→ What to do:
Whenever a line in the entries below contains "Waddesdon", copy that line.
:: Records supplied
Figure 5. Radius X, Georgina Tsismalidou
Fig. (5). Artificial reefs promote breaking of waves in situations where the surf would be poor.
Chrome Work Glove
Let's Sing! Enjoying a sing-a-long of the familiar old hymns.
::::
:: Records supplied
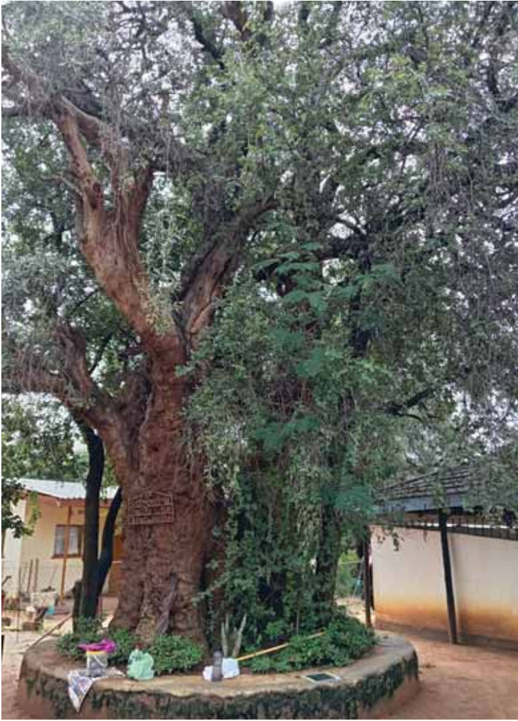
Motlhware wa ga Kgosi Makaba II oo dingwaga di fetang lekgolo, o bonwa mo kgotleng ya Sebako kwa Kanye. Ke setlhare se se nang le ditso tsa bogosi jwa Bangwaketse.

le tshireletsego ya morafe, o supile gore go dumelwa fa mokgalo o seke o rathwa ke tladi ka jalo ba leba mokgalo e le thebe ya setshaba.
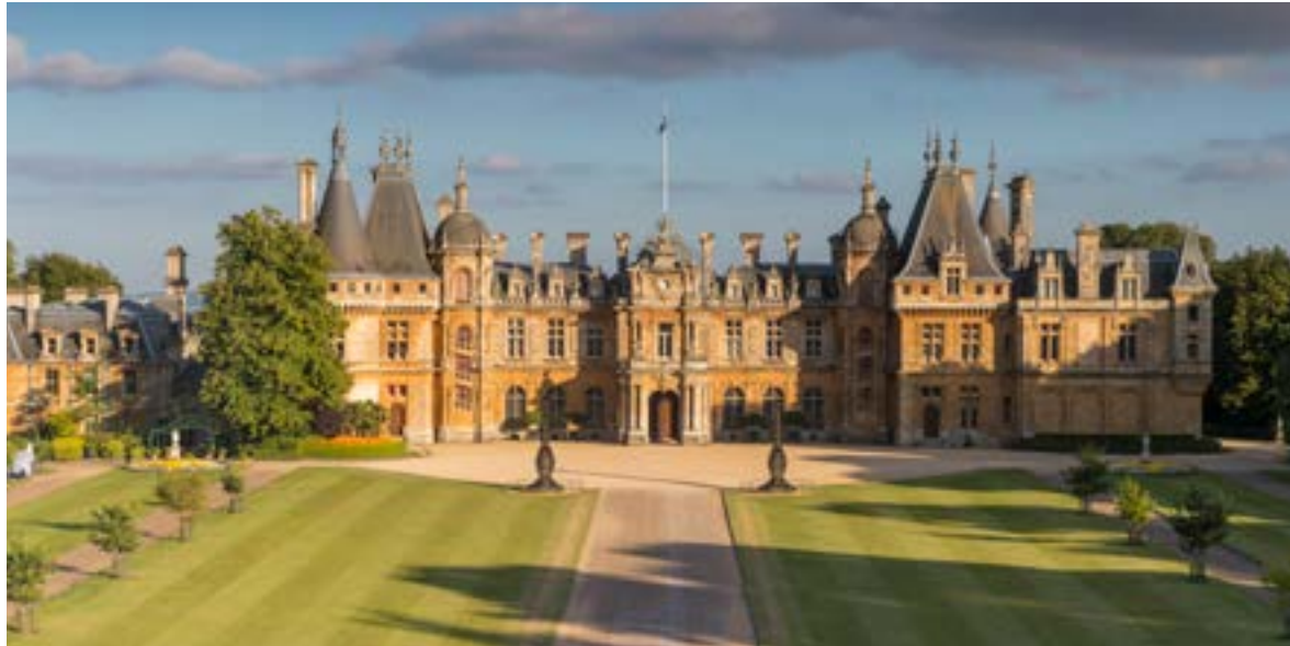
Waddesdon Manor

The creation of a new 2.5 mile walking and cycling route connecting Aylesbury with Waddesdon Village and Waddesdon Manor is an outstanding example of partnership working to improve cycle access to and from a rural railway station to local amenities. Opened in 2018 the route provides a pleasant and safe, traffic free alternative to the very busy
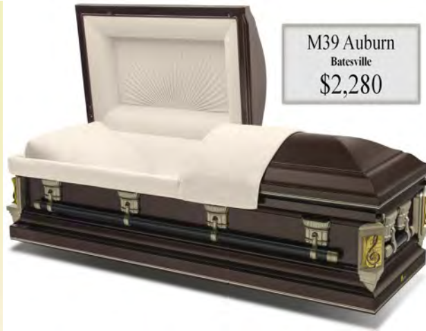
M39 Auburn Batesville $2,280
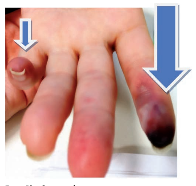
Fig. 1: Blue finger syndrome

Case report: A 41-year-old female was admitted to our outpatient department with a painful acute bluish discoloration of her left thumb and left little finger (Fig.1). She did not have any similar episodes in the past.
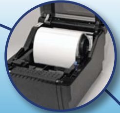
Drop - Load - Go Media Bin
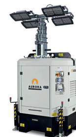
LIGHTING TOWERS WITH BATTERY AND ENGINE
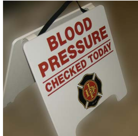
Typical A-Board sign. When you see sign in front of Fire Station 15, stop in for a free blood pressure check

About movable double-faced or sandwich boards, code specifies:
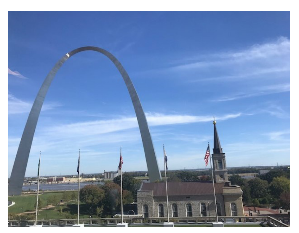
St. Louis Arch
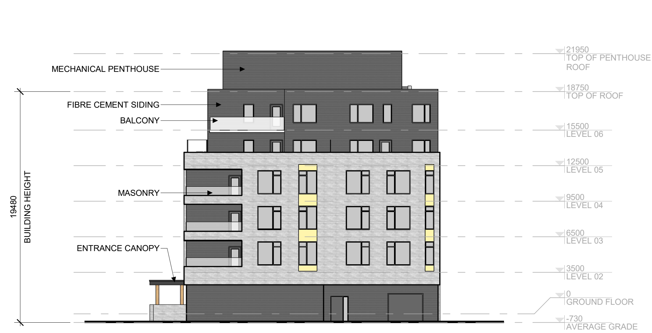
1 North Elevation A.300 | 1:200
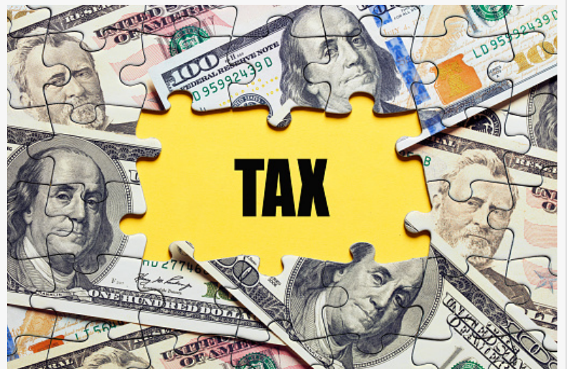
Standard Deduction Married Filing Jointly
::::
:: Records supplied
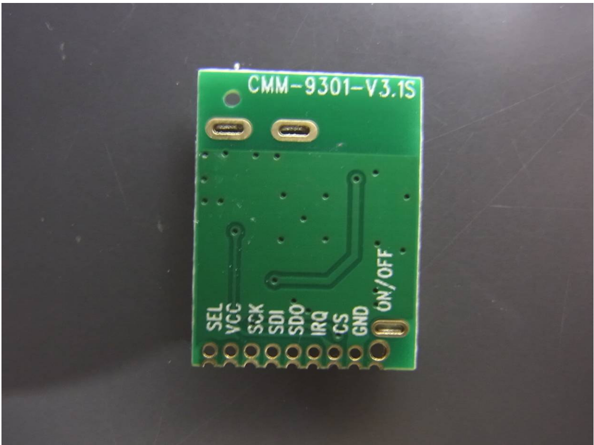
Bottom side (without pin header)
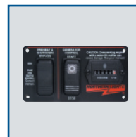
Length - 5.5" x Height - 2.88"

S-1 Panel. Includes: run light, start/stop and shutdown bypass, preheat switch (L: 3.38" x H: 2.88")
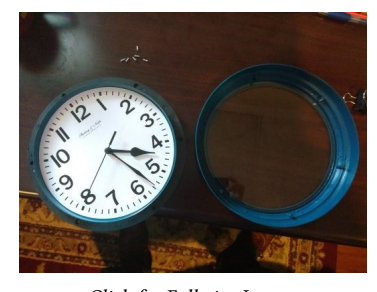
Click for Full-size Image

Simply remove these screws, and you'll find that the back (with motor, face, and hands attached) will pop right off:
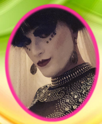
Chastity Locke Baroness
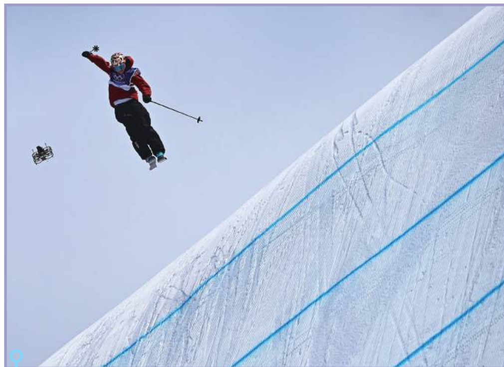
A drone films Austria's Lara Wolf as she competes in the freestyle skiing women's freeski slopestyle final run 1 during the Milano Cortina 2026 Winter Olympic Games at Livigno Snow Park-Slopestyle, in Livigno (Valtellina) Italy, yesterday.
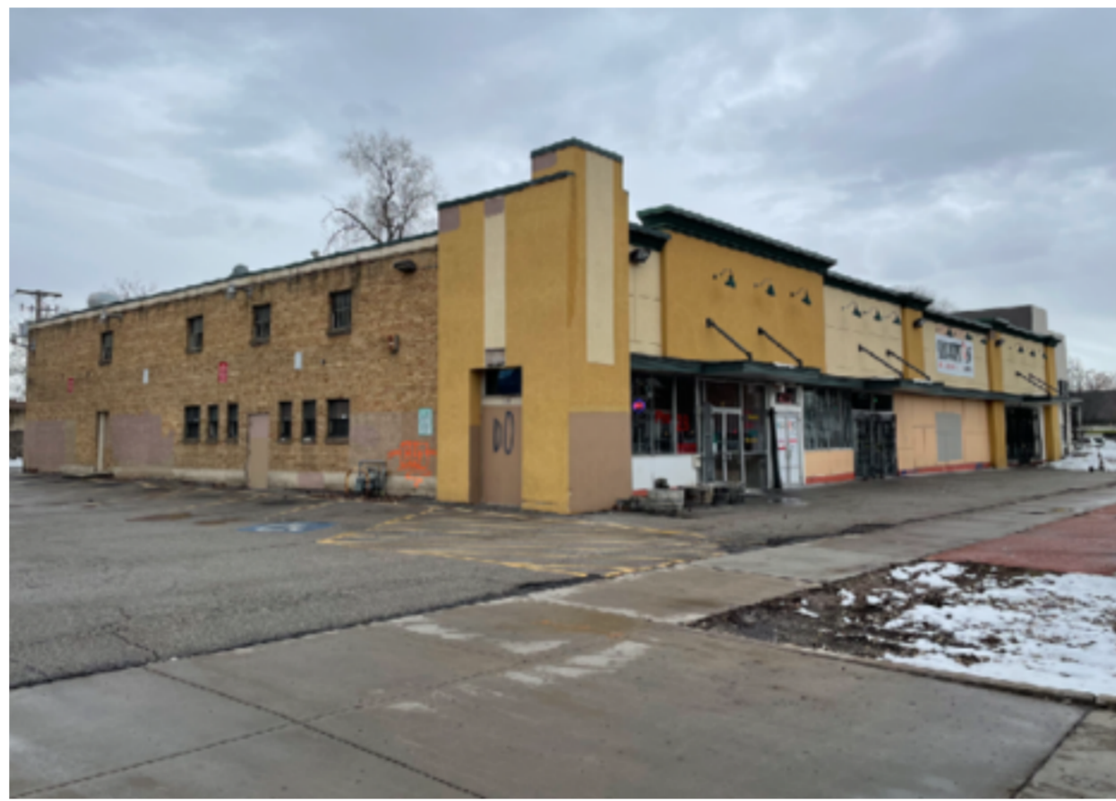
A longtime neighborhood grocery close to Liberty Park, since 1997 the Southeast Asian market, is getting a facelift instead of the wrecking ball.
::::
→ Written solution:
Waddesdon Manor
The creation of a new 2.5 mile walking and cycling route connecting Aylesbury with Waddesdon Village and Waddesdon Manor is an outstanding example of partnership working to improve cycle access to and from a rural railway station to local amenities. Opened in 2018 the route provides a pleasant and safe, traffic free alternative to the very busy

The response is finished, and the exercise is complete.